■ Data for analysis
═══
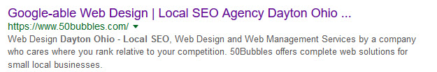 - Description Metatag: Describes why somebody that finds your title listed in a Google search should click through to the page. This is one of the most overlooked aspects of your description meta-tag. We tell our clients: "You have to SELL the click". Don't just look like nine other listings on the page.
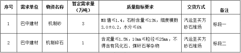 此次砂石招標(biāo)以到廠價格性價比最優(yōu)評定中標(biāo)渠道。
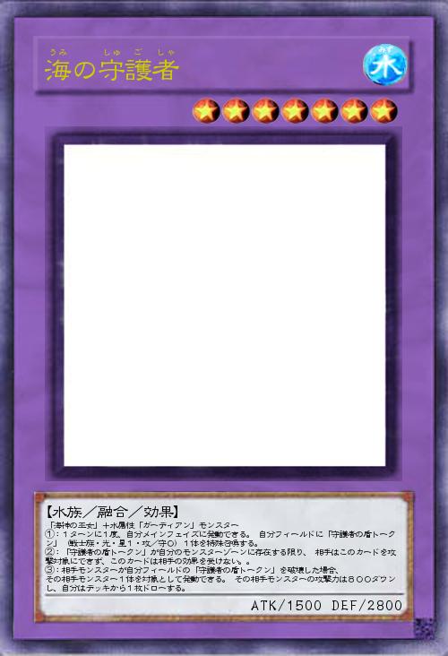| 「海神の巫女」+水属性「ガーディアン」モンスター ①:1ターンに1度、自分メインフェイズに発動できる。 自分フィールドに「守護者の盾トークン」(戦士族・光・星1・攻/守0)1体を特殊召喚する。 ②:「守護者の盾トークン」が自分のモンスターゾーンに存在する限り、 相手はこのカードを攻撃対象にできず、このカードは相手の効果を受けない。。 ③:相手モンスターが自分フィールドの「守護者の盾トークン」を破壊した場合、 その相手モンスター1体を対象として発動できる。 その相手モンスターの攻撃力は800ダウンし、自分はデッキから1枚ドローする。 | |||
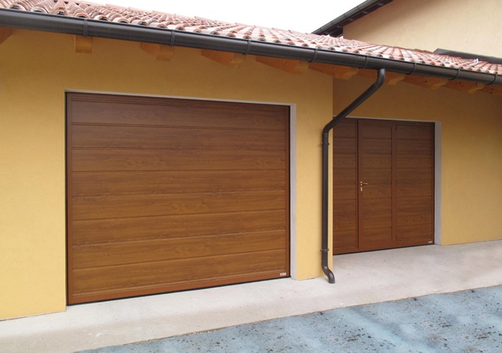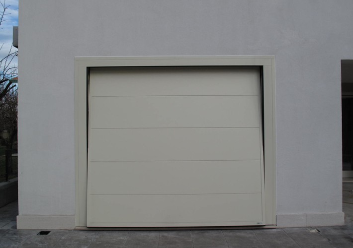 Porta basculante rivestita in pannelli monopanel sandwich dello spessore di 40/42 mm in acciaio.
═══
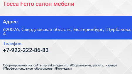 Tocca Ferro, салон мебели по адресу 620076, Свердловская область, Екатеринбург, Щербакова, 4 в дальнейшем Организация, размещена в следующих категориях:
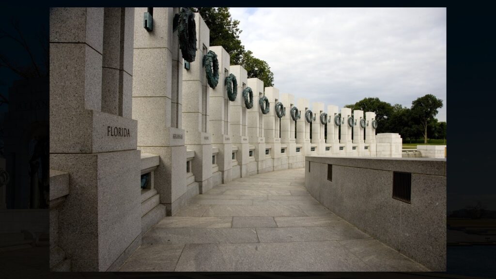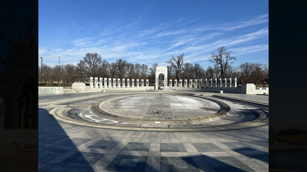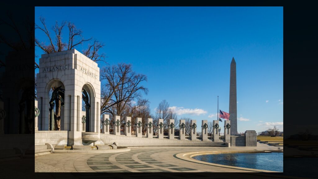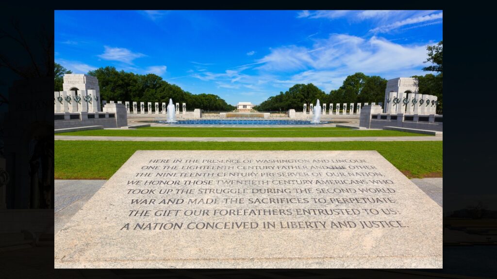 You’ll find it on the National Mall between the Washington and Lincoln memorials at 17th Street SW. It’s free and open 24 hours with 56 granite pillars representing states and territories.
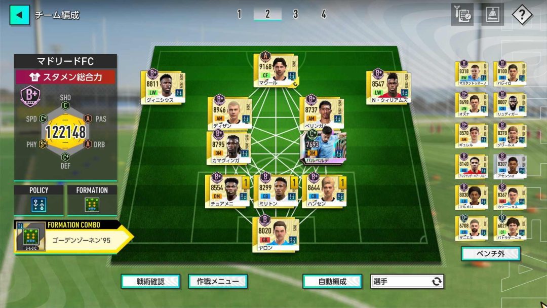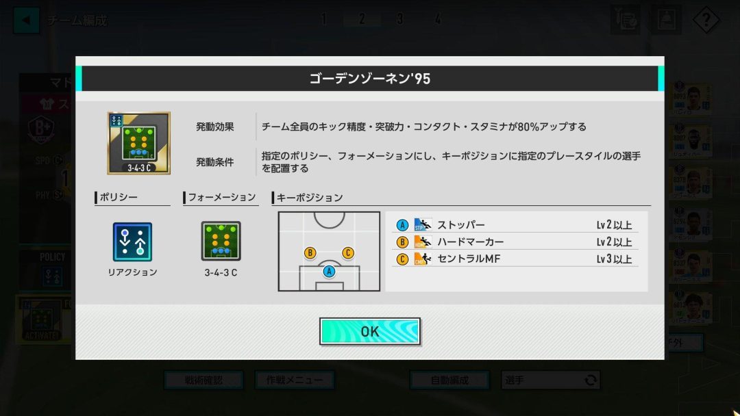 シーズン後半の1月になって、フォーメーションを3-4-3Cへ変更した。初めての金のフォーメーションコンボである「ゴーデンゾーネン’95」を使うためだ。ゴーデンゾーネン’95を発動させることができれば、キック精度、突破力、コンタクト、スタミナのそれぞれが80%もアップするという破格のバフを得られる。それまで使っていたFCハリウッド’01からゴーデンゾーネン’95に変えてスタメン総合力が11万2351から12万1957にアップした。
═══
Look above for the line with "You’ll find it" and the line with "シーズン後半の1月になって、", then copy them and all lines in between exactly as written, and only those, without any pictures.

 You’ll find it on the National Mall between the Washington and Lincoln memorials at 17th Street SW. It’s free and open 24 hours with 56 granite pillars representing states and territories.
 シーズン後半の1月になって、フォーメーションを3-4-3Cへ変更した。初めての金のフォーメーションコンボである「ゴーデンゾーネン’95」を使うためだ。ゴーデンゾーネン’95を発動させることができれば、キック精度、突破力、コンタクト、スタミナのそれぞれが80%もアップするという破格のバフを得られる。それまで使っていたFCハリウッド’01からゴーデンゾーネン’95に変えてスタメン総合力が11万2351から12万1957にアップした。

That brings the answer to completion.